Victims of trauma may tend to blame themselves and thus may experience depression, anxiety or other mental illness which can be healed during recovery.

Learning to Accept Yourself While Recovering from Trauma

Many alcoholics and drug addicts blame their addiction on past trauma and use/drink as a way to cope. There are many other people who cope in other ways such as isolation, gambling, lack of trust, fear, etc. When individuals enter addiction treatment, especially trauma treatment, they often learn where their addiction stems from along with healthy coping skills to move into and stay in recovery.

If you have experienced an extremely stressful or disturbing event that’s left you feeling helpless and emotionally out of control, you may have been traumatized. Psychological trauma can leave you struggling with upsetting emotions, memories and anxiety that won’t go away. It can also leave you feeling numb, disconnected and unable to trust others. When bad things happen, it can take a while to get over the pain and feel safe again. Whether the trauma happened years ago or yesterday, you can make healing changes and move on with your life.

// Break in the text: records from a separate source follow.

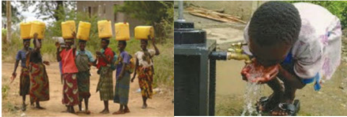
CARRYING THE WATER BACK TO THE PARISH

THE ULTIMATE GOAL IS TO HAVE SANITIZED WATER AVAILABLE AT THE PARISH AND VILLAGE.
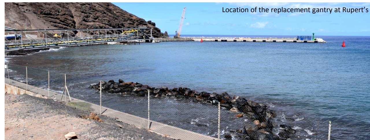
Location of the replacement gantry at Rupert's

Current works include the creation of a temporary rock berm for the construction of the gantry support, and the excavation for foundations shore side.
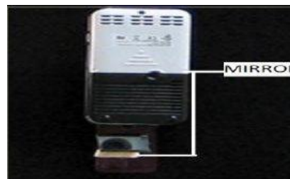
Fig 6: Mirror

The usage of a mirror is important as the projector dangles pointing downward from the neck. The mirror reflects the image on to a desire surface. Thus finally the digital image is viewed in the physical world.
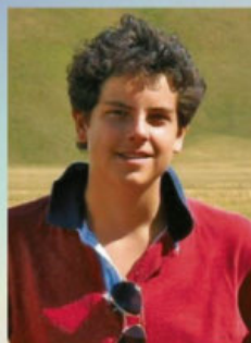
Blessed Carlo Acutis

For those tragically impacted by gun violence, and for the wisdom and grace to reduce it in our local communities and nation.
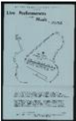
BeethovenBrahms "Bacch" Anale Presents: Live Performances of Chamber Music, Cambium Trio (CCPA.POS.020)
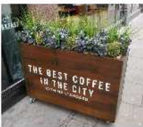
Planters: Cedar planter box with castors and replica planting. 300mm deep and 1000mm high overall, width as noted on plan. 2no. planter boxes in total
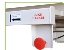
CPR Emergency Release
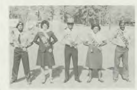
Master Guides attend winter camp at Lone Star, January 28-30.
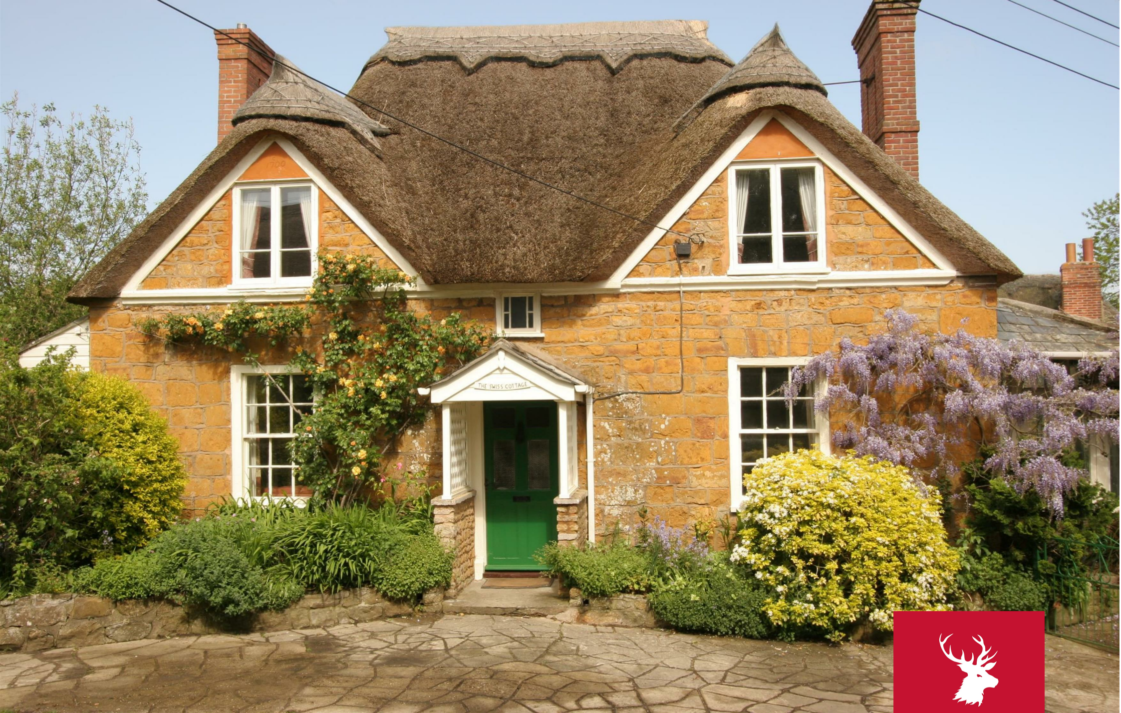
The Swiss Cottage
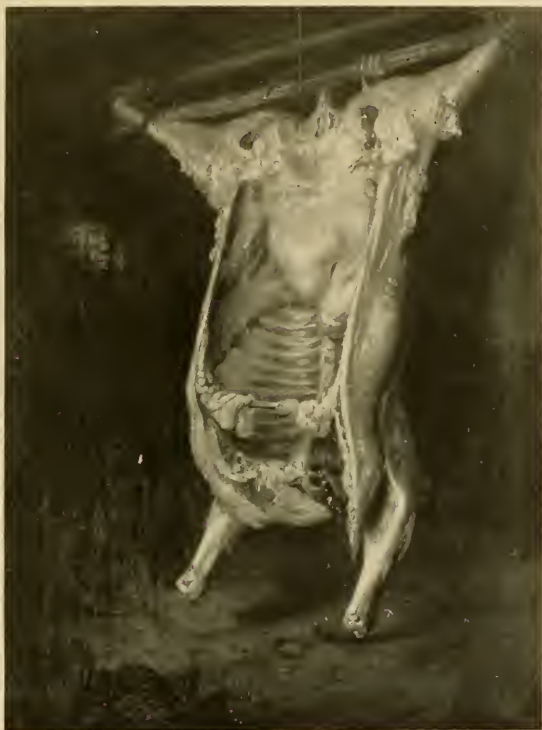
SLAUGHTERED OX BY REMBRANDT
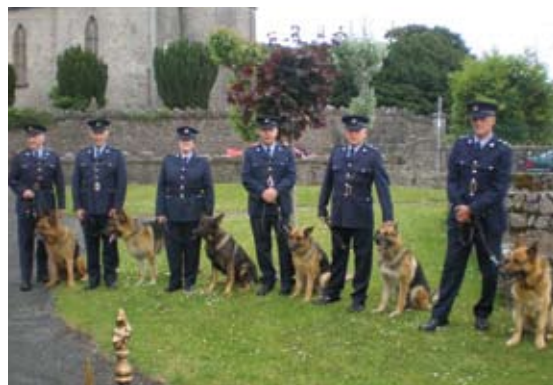
The Garda Dog Unit celebrated 50 years in existence in 2010.

Training is conducted by the Garda Dog Unit and continues daily for the duration of a dog's career. The dogs live in their handler's home, so they build up a relationship with their handler, although they understand the difference between work and off duty.
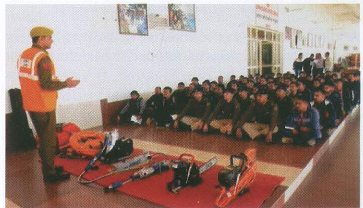
Shrine Board staff participating in Disaster Management training programme on March 5
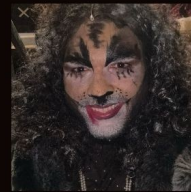
JOJO June 22 nd @3pm
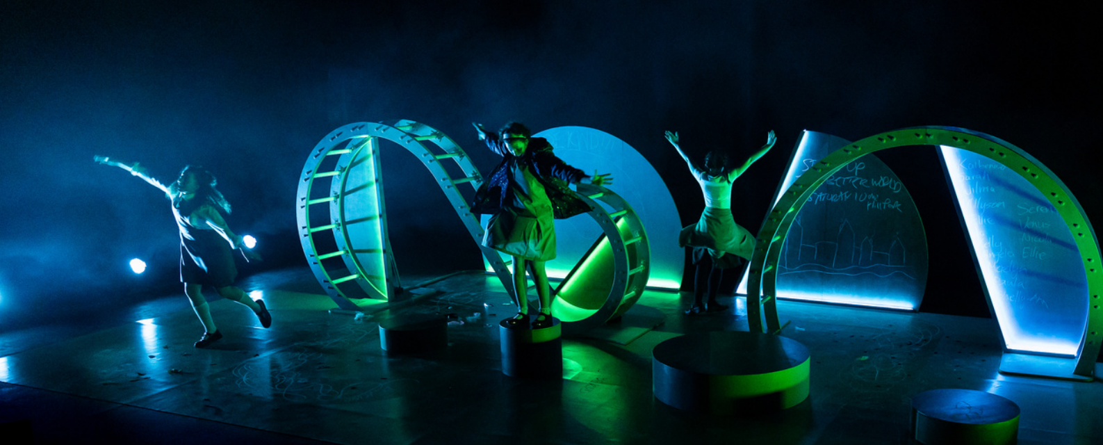
PROTEST AT NORTHERN STAGE.
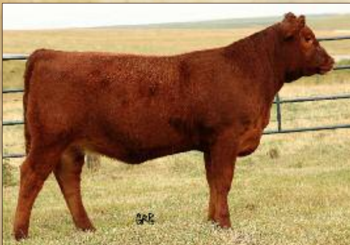
LOT #4 - RED BRYLOR 27X BAYBERRY 4H (DAUGHTER OF LOT #3)

The Service Sire, Resource, has lit it up big time the last couple of years in both sexes. The bulls have sold very strongly including the $130,000 Township bull to DVC of Sundre. The daughters as heifer calves in the U2 Dispersal must have averaged over 10!
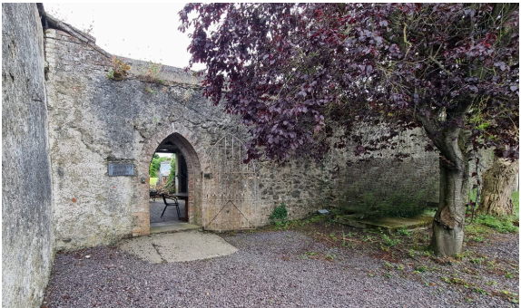
An Grianán Garden 2024
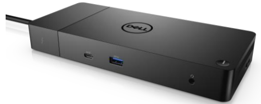
Dell Thunderbolt Dock - WD19TB
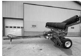
Brillion X108 27' cultipacker , solid notched ductile whls., scrapers, new tires, $16,900.
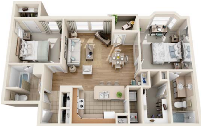
B2 1084 Sq. Ft. 2 Bedroom / 2 Bath
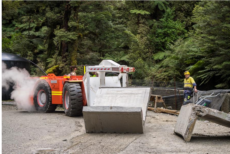
The jugonaut loader hauling large pieces of the 30m barrier out of the mine.

TE KĀHUI WHAKAMANA RUA TEKAU MĀ IWA PIKE RIVER RECOVERY AGENCY
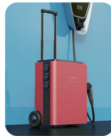
Charging With Charging Pile
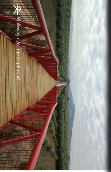
Walkway over the A-318 road
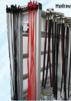
Cords batches UAH 210
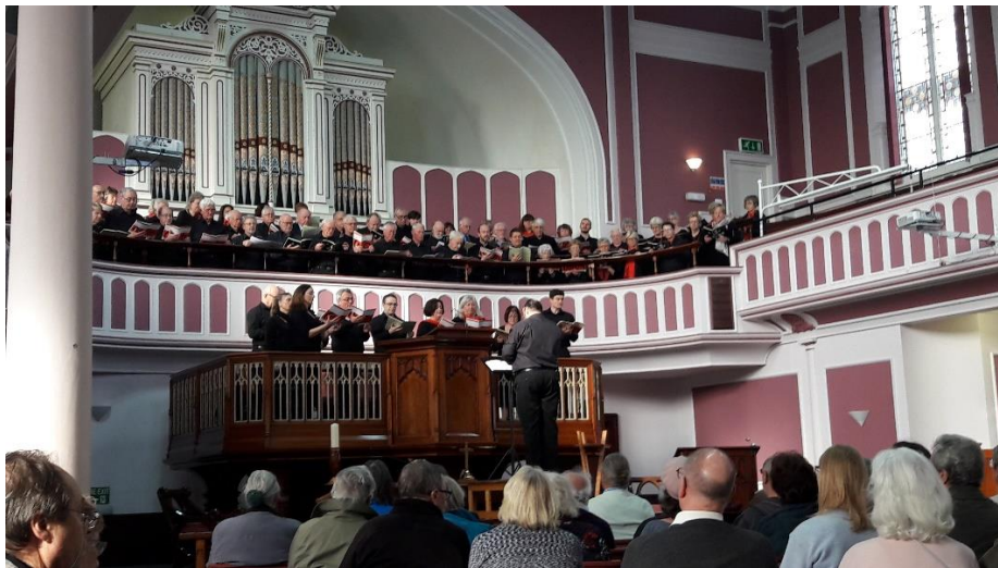
Faure's Requiem on Good Friday
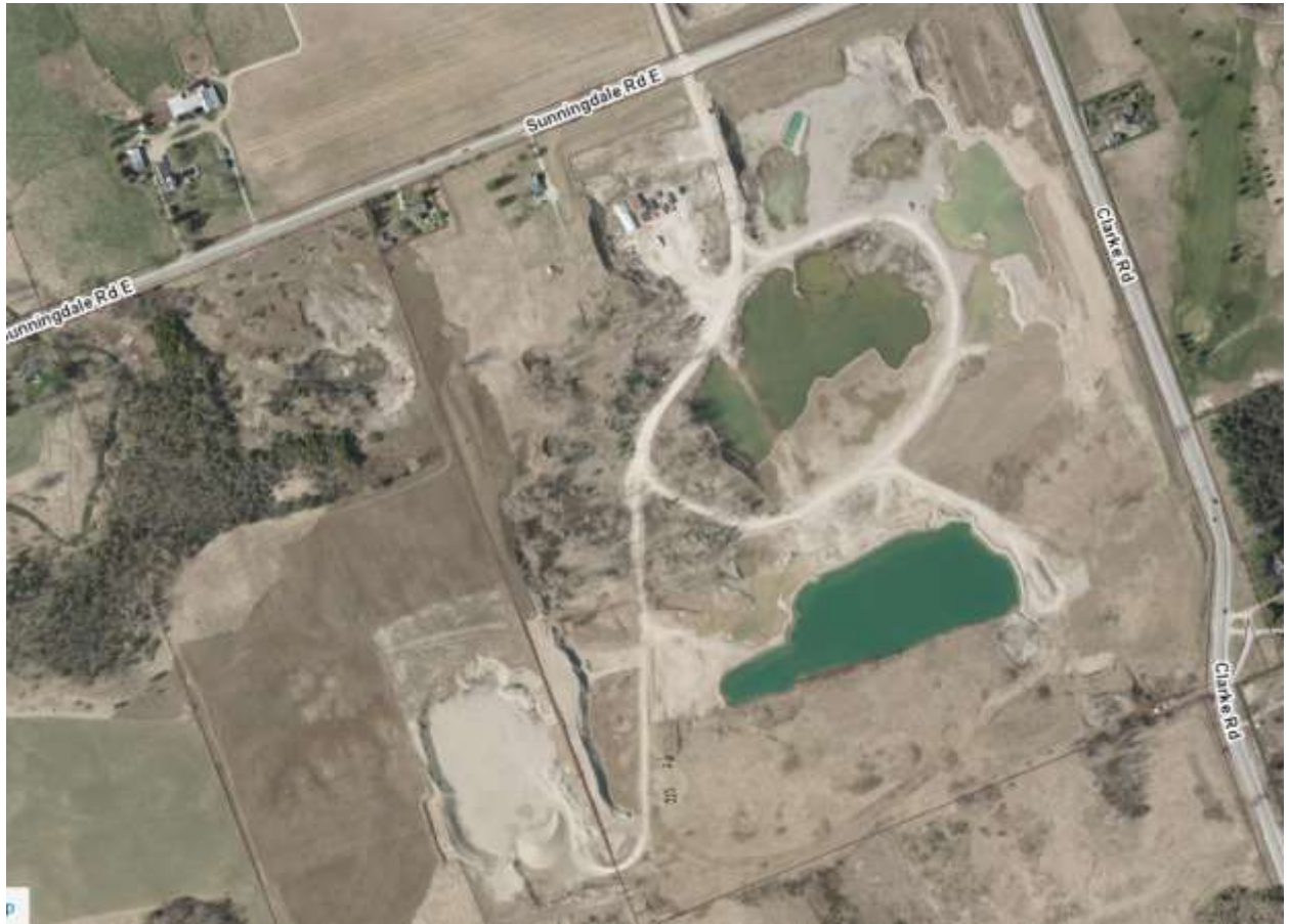
Figure 6: Aerial view showing current land use and aggregate extraction activity on the property.
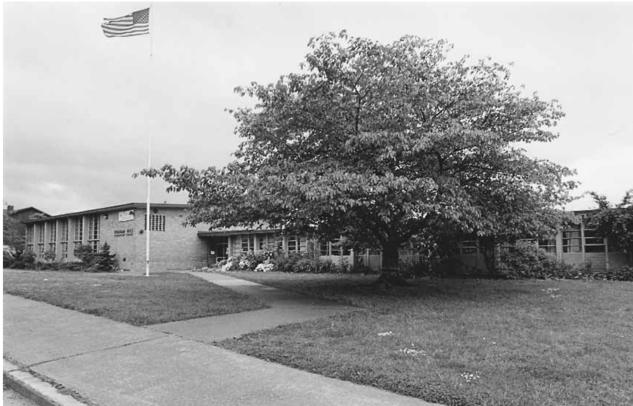
Graham Hill, 2000
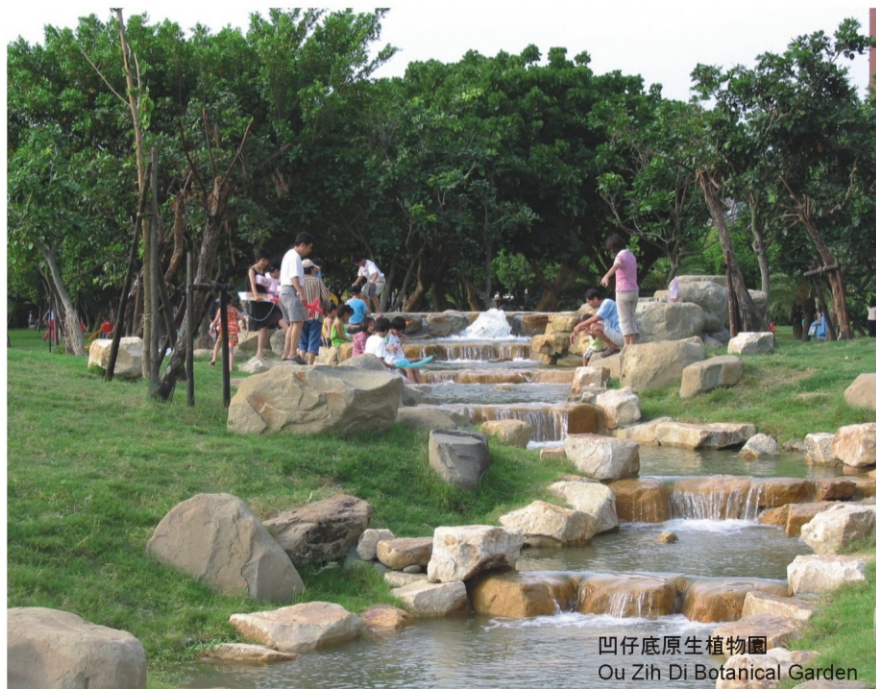
凹仔底原生植物園 Ou Zhi Di Botanical Garden

在青斗石鋪面的歷史景觀步道上漫步，欣賞路旁傳統建築物的紅瓦厝，讓人有思懷古趣的情懷，景觀步道也散發出歷史的光輝。
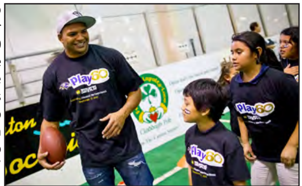
LB Brendon Ayanbadejo

For the past three years, the Ravens have made an extra effort to celebrate Hispanic heritage in the Baltimore community through their annual Hispanic Heritage Clinic. In conjunction with the NFL's Play 60 movement, Nickelodeon, the American Heart Association and the Mid-Atlantic Dairy Association, players, cheerleaders and mascot Poe join close to 200 children, ages 5 to 11, from Hispanic youth groups and organizations – such as EBLO and Centro de la Comunidad – to provide a football clinic with games, prizes and a raffle to win tickets to the Ravens' Hispanic Heritage game.
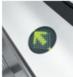
Traffic light mowing arrow
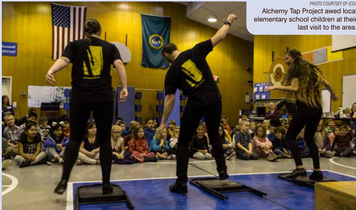
Alchemy Tap Project awed local elementary school children at their last visit to the area.

Other visiting artists also hail from the Pacific Northwest,

All trauma survivors go through the 5 stages of grief. These are denial, anger, bargaining, depression and acceptance. These do not necessarily occur in any order and may re-surface at any point in time. You will find this easier if you turn to others for support and take care of yourself.

How to Deal with Trauma

  1. Get moving. Trauma disrupts your body’s natural equilibrium, freezing you in a state of hyper-arousal and fear. In essence, your nervous system gets stuck. As well as burning off adrenaline and releasing endorphins, exercise and movement can help your nervous system become unstuck.
  2. Don’t isolate. Isolation only makes things worse. Connecting to others face to face will help you heal, so make an effort to maintain your relationships and avoid spending too much time alone. You don’t have to talk about the trauma, you should ask for support, participate in social activities, reconnect with old friends and consider joining a support group for trauma survivors. You many meet people in trauma treatment who have similar experiences and it can be helpful to connect with them.
  3. Self-regulate your nervous system. Through mindful breathing, sensory input, staying grounded and allowing yourself to feel what you feel when you feel it can help you change your arousal system and calm yourself. Not only will it help relieve your anxiety but it will also engender a greater sense of control.
  4. Take care of your health. Having a healthy body can increase your ability to cope with the stress of trauma. Get plenty of sleep, avoid alcohol and drugs (stay in recovery) eat a well-balanced diet and reduce.
  5. Give yourself time to heal and to mourn any losses you have experienced.
  6. Don’t try to force the healing process.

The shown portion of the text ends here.